Luckily, that’s exactly what we’re getting from pinball machine manufacturer Stern. The latest license from the folks behind Jurassic Park and Godzilla and countless other pinball classics got announced last week, and was available for hands-on play at CES 2024.

After a brief hands-on session, my verdict is that Jaws is still great, and anything that reminds us of the greatness of Jaws is also cool.

It’s a pinball shark, there has to be a twist

I have to be clear about something up front: I’m more of a Jaws guy than a pinball guy. I’ll indulge in the odd game or two at a bar every blue moon, but video games are more my bag.

So it’s hard for me to critically evaluate Jaws as a pinball game. My time with it was brief and took place on a cacophonous show floor where learning the mechanics involved was next to impossible. It’s got all kinds of flippers, spinners and ramps and other things that make pinball fun. That much I can tell you.

I can also tell you that the shark emerges from the top of the playing field to wreak havoc, and that’s rad. This happened often enough to be fun but not so often that it got old.

Jaws pinball table

There’s a lot going on here.
Credit: Stern

Perhaps more importantly, the Jaws side of Jaws is respectful to the original. John Williams’ iconic score is included, as are beautiful portraits of Robert Shaw and Richard Dreyfuss. They actually got Dreyfuss to record some new voiceover for the game, too, though I couldn’t exactly hear it. Did I mention the CES show floor is noisy?

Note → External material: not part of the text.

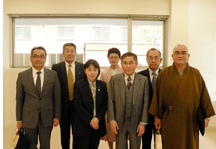
「ゆうゆう診療所」 〒453-0027 名古屋市中村区大門町 19 番地 052-481-7771 http://www.ne.jp/asahi/yuyu/med/

Still, the play field is immensely fun to look at. Quint’s boat, the Orca, is included, as are references to the film’s July 4th setting and various kinds of sharks for all the finheads out there. It’s a delight.

Now for the bad news: Jaws costs a lot of money if you want to actually own it. It starts at $6,999 for the starter edition and goes all the way up to $12,999 for all the bells and whistles (which I was told are cosmetic in nature and don’t affect gameplay).

I can’t exactly recommend the table at that price point, but maybe you have a friend who owns a pinball arcade, or a movie fan with space in their garage. Kindly and gently cajole them into buying it. Just don’t yell to the neighbors about it, or you’ll have a panic on your hands.